Why are guns such a focus for you when so many things that are commonly accepted are far more dangerous?  Why don't we regulate pools more?  How about lakes and oceans?  Why not have mandatory swimming tests and armed lifeguards checking cards that indicate registration into a national accepted swimming proficiency institution?  Why is surfing allowed at all?  How about water skiing?


----------



## Makalakumu (Apr 14, 2013)

jezr74 said:


> Wonder what the 4 above it are for people over 14.



The answer is cheeseburgers.  You're going to die from a cheeseburger with more regularity than from a gun.  

Ban cheeseburgers.


----------



## arnisador (Apr 14, 2013)

jezr74 said:


> For children yes. Wonder what the 4 above it are for people over 14.
> 
> Some places do take it seriously though and have tough penalties.



There are usually fence laws--and if not, insurance will likely compel it anyway. 

If you drown in your own pool, that's sad. If your kids do, all the more so. But you're making a decision affecting only those who willingly choose to enter the pool. Hence there might be a comparison to gun accidental shootings, and with a stretch to gun suicides, but not to gun murders. Those affect other people who did not choose to take that risk. When someone uses a swimming pool to murder 20+ elementary schoolkids in their classrooms, let's have a discussion about this.

You have a lot of freedom in this country regarding what you can do in/at your own house, and what risks you can choose to take for yourself. If you're not in the military, you probably don't _need _to parachute. If parachuters were regularly landing on people on unaware the ground and killing them, we'd probably have a discussion about this.

The comparison only starts to make sense if I can "opt-out" of gun violence like I can opt-out of swimming in your swimming pool. But since a gun can be used against me without my permission, the comparison is meaningless.


----------



## Makalakumu (Apr 14, 2013)

arnisador said:


> The comparison only starts to make sense if I can "*opt-out*" of gun violence like I can opt-out of swimming in your swimming pool.

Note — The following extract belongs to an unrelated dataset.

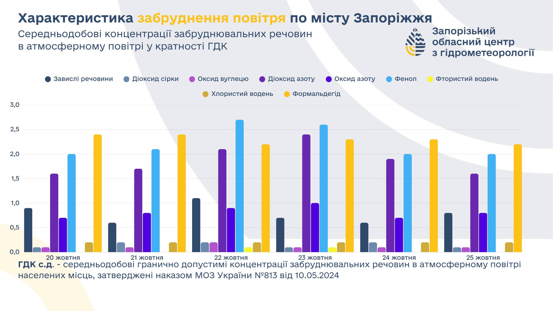 Как показывают результаты исследования, с 20 по 25 октября среднесуточные концентрации загрязняющих веществ в запорожском воздухе были превышены по следующим показателям:

But since a gun can be used against me without my permission, the comparison is meaningless.



Do you support the TSA's searching of every person who flies on an airplane because of terrorism?  You mentioned opting out.  

Speaking of opting out, do you opt out of cheeseburgers?  How about alcohol?  Do you opt out of driving?  You can opt out of a lot of things in this life that can kill you quicker than firearms, but it would make your life a lot more inconvenient.  I'd like you to write down your diet for the last week let us know how many things you are opting out on that are far more dangerous than firearms.


----------



## billc (Apr 14, 2013)

Any laws you make about guns will only affect the law abiding ordinary citizen.  By implementing bans on all or certain types of guns, you disarm the law abiding and arm the criminal.  You are making the choice to increase the number of victims, not decrease them because all of the people who use guns to defend themselves will now have to accept being raped, robbed, tortured or murdered by those who choose to break the law and use guns to enforce their will on others.  Even if the attacker himself does not use a gun, you are telling the victim, you may only use your empty hands to prevent the attacker from beating you with a baseball bat or slash or stab you with a knife.  If you are alone, and their are 2 or more attackers, you must simply do your best to defend yourself, at a disadvantage, especially if they are armed, or simply, quietly submit to them...and hope that they only hurt you a little, or let you live...by their choice, not yours.   If you look at the crime stats from the F.B.I. on crimes with knives, and attacks by hands and feet, you are telling other victims, who in the past saved themselves with guns, that they are no longer allowed to stop those attacks with the most effective means of stopping them, and that they must now submit to those attacks, and rely on the police and medical professionals to come to their aid...most likely after their lives have been changed forever.

That is what you do with each gun law you pass...

The theater shootings and the Sandy Hook shootings are rare events...the murder of individuals by criminals with guns and knives and other weapons happen around the country, every day, in vast numbers, far more than the individual mass shootings.  You are saying, deny guns to the innocent in order to really do nothing to stop the theater shootings or Sandy Hook and by doing that, you condemn thousands if not tens of thousands of innocent people every year to humiliation, injury and death...and you still won't save the children in the next "Gun Free" zone that we call schools.


----------



## arnisador (Apr 14, 2013)

billc said:


> If you look at the crime stats from the F.B.I. on crimes with knives, and attacks by hands and feet, you are telling other victims, who in the past saved themselves with guns



What are the FBI stats. on self-defense with guns?


----------



## billc (Apr 14, 2013)

They only count bodies on the ground, and I am not even sure they denote good dead bodies from bad dead bodies...and they don't record events like my freind who warned off two attackers by merely clearing his holstered weapon...but the gun grabbers don't care because seeing those incidents takes hard mental work...they only believe what they can see...even when that isn't even close to revealing the truth of the situation...and yet they are happy to let innocent people become victims...


----------



## Makalakumu (Apr 14, 2013)

arnisador said:


> What are the FBI stats. on self-defense with guns?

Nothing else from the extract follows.